# What you have to do:
Print the listing below only from the line that has "Les miroirs possèdent" through the line that has "Plopp is a stool", exactly, and drop any picture.

# Excerpted data:
^^^^^^^^

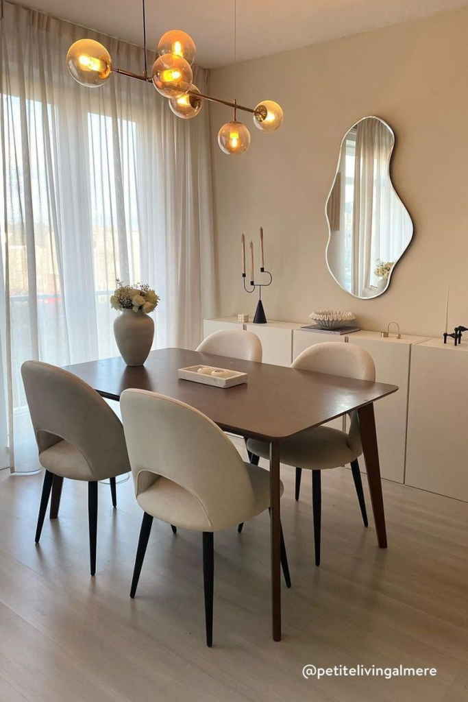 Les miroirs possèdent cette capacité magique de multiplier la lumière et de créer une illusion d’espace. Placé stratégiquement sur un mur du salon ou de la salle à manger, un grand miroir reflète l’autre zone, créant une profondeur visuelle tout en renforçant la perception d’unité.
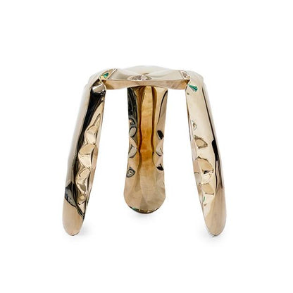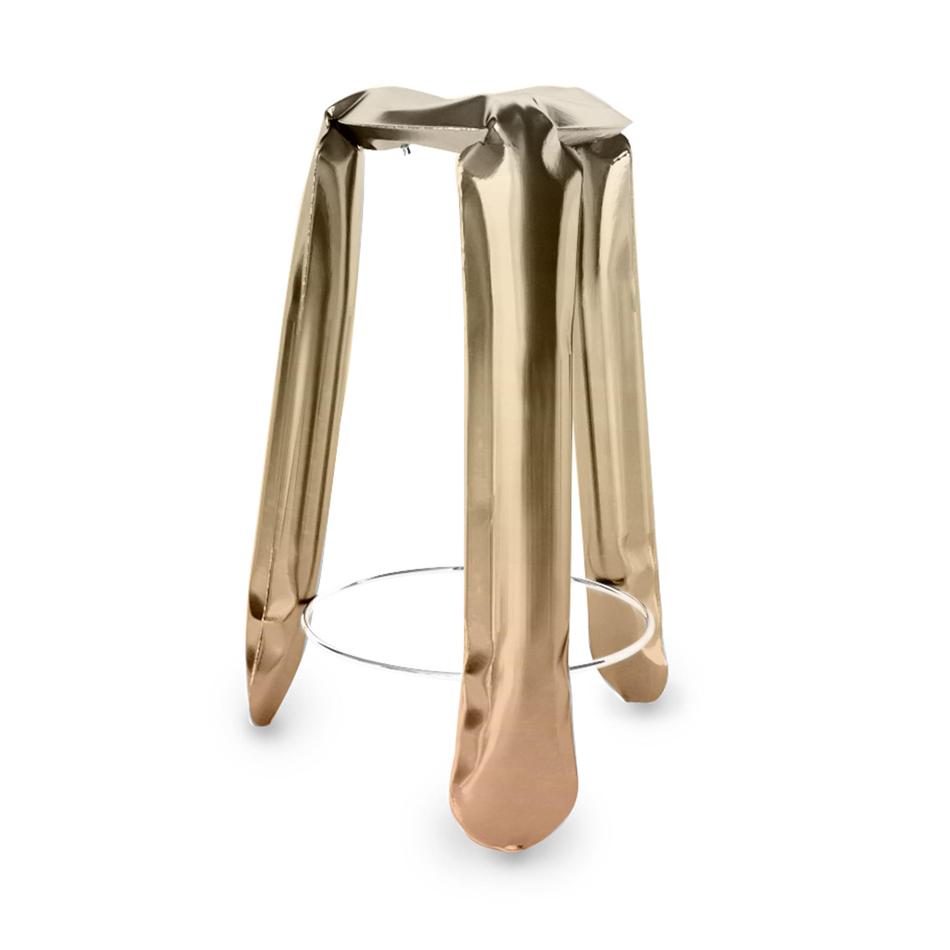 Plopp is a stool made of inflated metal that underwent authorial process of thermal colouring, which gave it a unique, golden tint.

^^^^^^^^

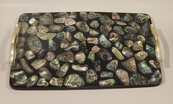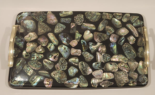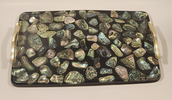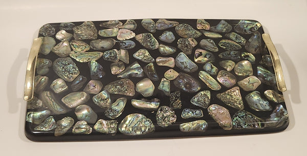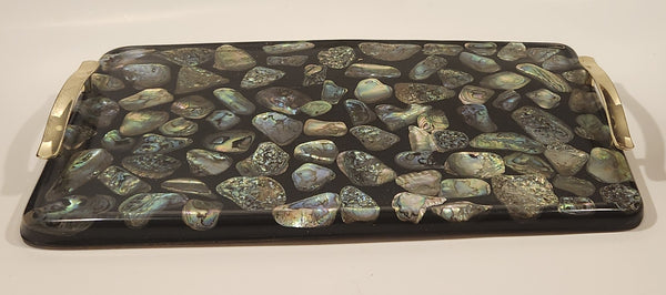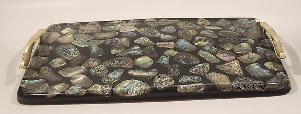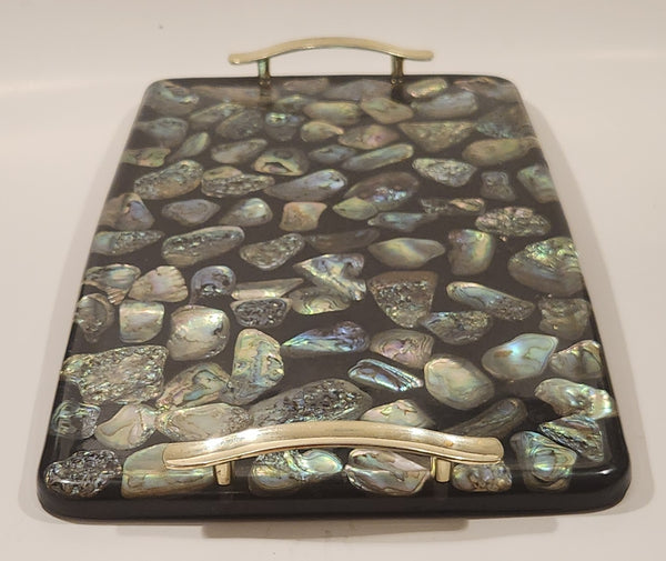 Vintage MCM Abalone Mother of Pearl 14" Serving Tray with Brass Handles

^^^^^^^^

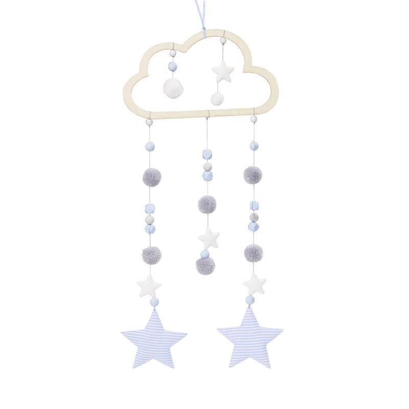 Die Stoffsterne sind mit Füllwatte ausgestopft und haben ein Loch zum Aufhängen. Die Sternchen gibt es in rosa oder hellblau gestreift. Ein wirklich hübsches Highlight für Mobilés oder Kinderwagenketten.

^^^^^^^^

# Written response:
 Les miroirs possèdent cette capacité magique de multiplier la lumière et de créer une illusion d’espace. Placé stratégiquement sur un mur du salon ou de la salle à manger, un grand miroir reflète l’autre zone, créant une profondeur visuelle tout en renforçant la perception d’unité.
 Plopp is a stool made of inflated metal that underwent authorial process of thermal colouring, which gave it a unique, golden tint.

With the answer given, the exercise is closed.